For information on the conjugation of regular verbs in English, as well as other points concerning verb usage, see English verbs.

==Development==
Most English irregular verbs are native, derived from verbs that existed in Old English. Nearly all verbs that have been borrowed into the language at a later stage have defaulted to the regular conjugation. There are a few exceptions, however, such as the verb catch (derived from Old Northern French cachier), whose irregular forms originated by way of analogy with native verbs such as teach.

Most irregular verbs exist as remnants of historical conjugation systems. When some grammatical rule became changed or disused, some verbs kept to the old pattern. For example, before the Great Vowel Shift, the verb keep (then pronounced /keːp/, slightly like "cap", or "cape" without the /j/ glide) belonged to a group of verbs whose vowel was shortened in the past tense; this pattern is preserved in the modern past tense kept (similarly crept, wept, leapt, left). Verbs such as peep, which have similar form but arose after the Vowel Shift, take the regular -ed ending.

The force of analogy tends to reduce the number of irregular verbs over time, as irregular verbs switch to regular conjugation patterns (for instance, the verb chide once had the irregular past tense chid, but this has given way to the regular formation chided). This is more likely to occur with less common verbs (where the irregular forms are less familiar); hence it is often the more common verbs (such as be, have, take) that tend to remain irregular. Many irregular verbs today have coexisting irregular and regular forms (as with spelt and spelled, dreamt and dreamed, etc.).

In a few cases, however, analogy has operated in the other direction (a verb's irregular forms arose by analogy with existing irregular verbs). This is the case with the example of catch given above; others include wear and string, which were originally weak verbs, but came to be conjugated like the similar-sounding strong verbs bear and swing.

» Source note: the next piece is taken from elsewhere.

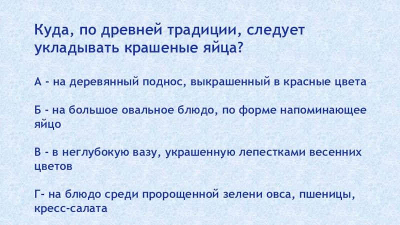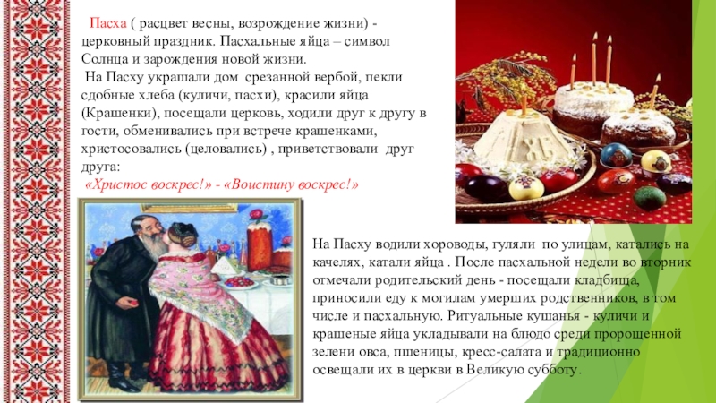 Слайд 14 Пасха ( расцвет весны, возрождение жизни) - церковный праздник. Пасхальные

In American English, the regular forms of verbs account for more than 90% of instances, whereas British English has a regular form frequency of 69% according to a 1991 study.

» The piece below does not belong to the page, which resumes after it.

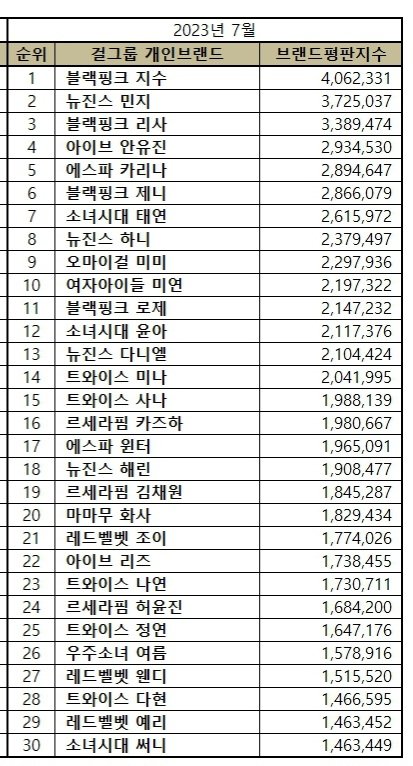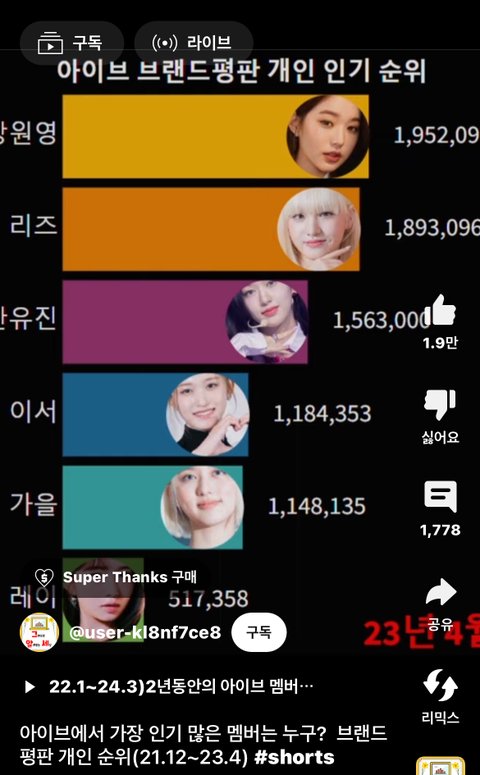 안유진 4위에 리즈 22위 장원영은 30위안에 안든적도 있음 걍 믿지마셈 지멋대로임

The verb forms described in this article are chiefly those that are accepted in standard English; many regional dialects have different irregular forms, such as sneak–snuck and dive-dove, common in the United States, as opposed to standard sneaked and dived respectively. In particular, it is fairly common in some types of non-standard speech to use (standard) past tenses as past participles, and vice versa; e.g. "have went" instead of "have gone" in Southern American English.

==Groups==
The irregular verbs of Modern English form several groups with similar conjugation pattern and historical origin. These can be broadly grouped into two classes – the Germanic weak and strong groups – although historically some verbs have moved between these groups. There are also a few anomalous cases: the verbs be and go, which demonstrate suppletion; the verb do; and the defective modal verbs.

===Strong verbs===
Many irregular verbs derive from Germanic strong verbs, which display the vowel shift called ablaut, and do not add an ending such as -ed or -t for the past forms. These sometimes retain past participles with the ending -[e]n, as in give–gave–given and ride–rode–ridden, but in other cases this ending has been dropped, as in come–came–come and sing–sang–sung. This verb group was inherited from the parent Proto-Germanic language, and before that from the Proto-Indo-European language. It was originally a system of regular verbs, and in Old English and modern German the system remains more or less regular; however in Modern English relatively few verbs continue to follow such a pattern, and they are classed as irregular.

Verbs that retain a strong-type inflection in modern English and add -[e]n in the past participle include bear, beat, beget, bite, blow, break, choose, cleave, draw, drive, eat, fall, fly, forbid, forget, forsake, freeze, get (but with past participle got in British English), give, grow, know, lie, ride, rise, see, shake, shear, slay, smite, speak, steal, stride, strive, swear, take, tear, throw, tread, wake, weave, and write.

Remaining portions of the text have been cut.